The protein content of the beads produced using each of the six different treatment methods was evaluated using the Dumas method. The data showing crude protein of the spirulina- alginate beads was analyzed by ANOVA. Figure 4 shows the crude protein content of spirulina-alginate beads prepared by external gelation and internal gelation. From the figure, it can be seen that external gelation beads possess higher protein content than the internal gelation beads. The external gelation beads had protein content ranging between 7.29% and 7.59%, while internal gelation beads had protein content around 2.2%. The method of gelation had a significant impact on the protein content of the beads. However, in both external and internal gelation, the concentration of sodium alginate or calcium chloride did not significantly influence the protein content of the formulated beads.

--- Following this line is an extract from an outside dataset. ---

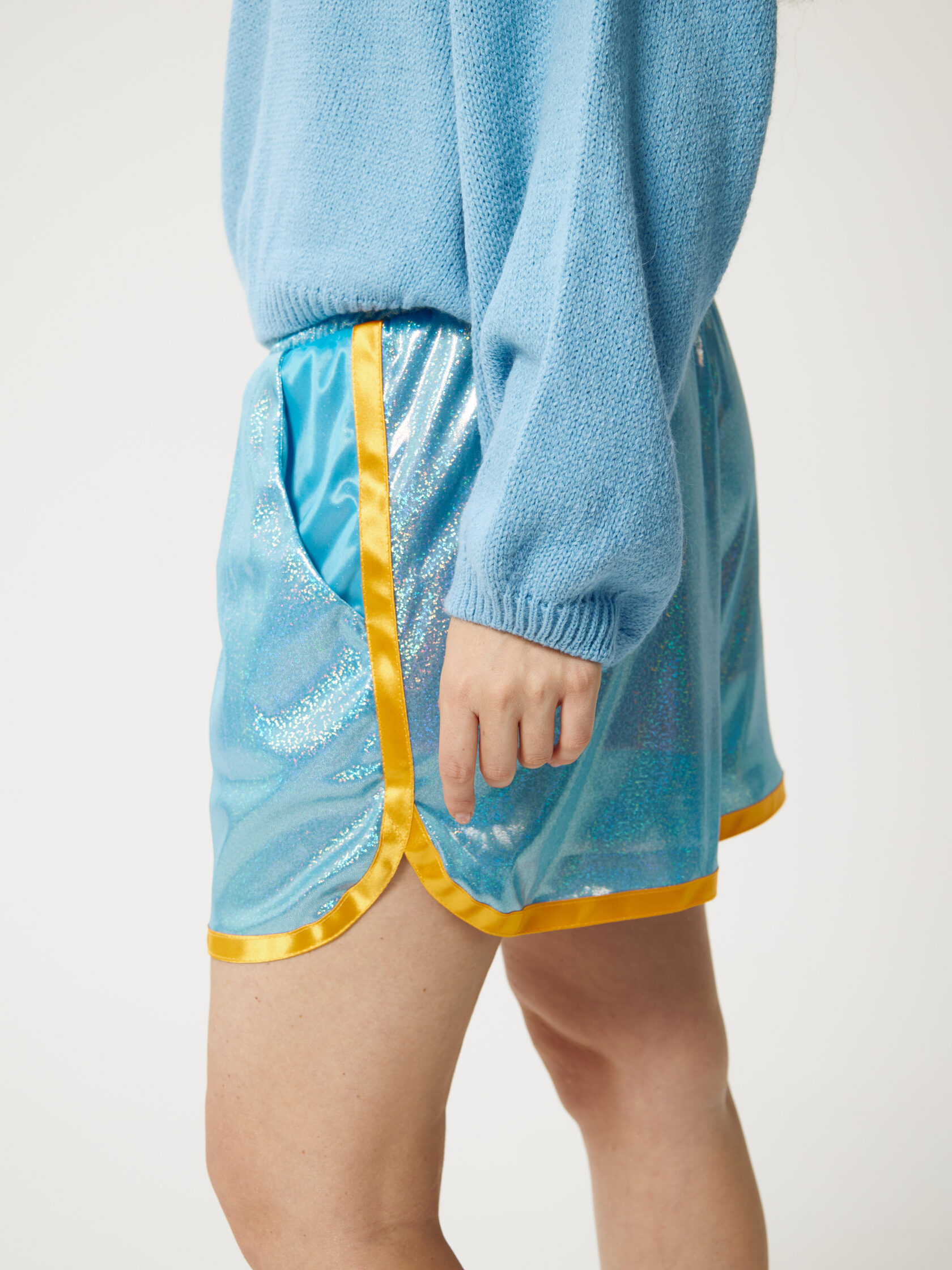 Золотые ретро шорты с голубой окантовкой, 100% п/э

Figure 4: Crude protein content of spirulina-alginate beads for different formulations. Error bars represent ±S.D (n= 3). The bars with different letters are significantly different (α =0.05).
3.5. Encapsulation Efficiency

The encapsulation efficiency was determined based on the fraction of protein in the initial mixtures before forming beads compared to the amount of protein in the final beads. From the protein content graph (Figure 4), it is clear that gelation method has a huge influence on the amount of protein retained, which directly correlates to the encapsulation efficiency. Irrespective of the sodium alginate and calcium chloride concentration, external gelation beads had an encapsulation efficiency around 78%, and internal gelation beads had an encapsulation efficiency around 23%. Overall, the encapsulation efficiency of external gelation beads was significantly higher than the encapsulation efficiency of internal gelation beads.

4. Conclusions

This study showed that it is possible to encapsulate spirulina protein using ionic gelation. Irrespective of the gelation method, an increase in the concentration of sodium alginate significantly increased the thickness of the beads. However, an increase in calcium chloride concentration did not significantly affect either thickness (mm) or length (mm) of the beads. External gelation beads exhibited a more uniform, homogeneous morphology compared to internal gelation beads. The hardness of the beads prepared by external gelation was significantly higher than the hardness of the beads prepared by internal gelation. The external gelation beads also possessed significantly higher protein content than the internal gelation beads and therefore exhibited much higher encapsulation efficiency than the internal gelation beads. Findings from this study suggest that alginate is suitable for encapsulation of spirulina protein and in the future these beads could be used for incorporation of alternative protein sources into food products.

Data Availability

The data used to support the findings of this study are available from the corresponding author upon request.

Disclosure

This work is reported in the M.S. thesis of Mr. Deepak Rajmohan [22] and was also presented as a poster at the 2017 IFT annual meeting [23].

Conflicts of Interest

The authors declare that they have no conflicts of interest.

Acknowledgments

This work was funded by the Robert M. Kerr Food and Agricultural Products Center at Oklahoma State University.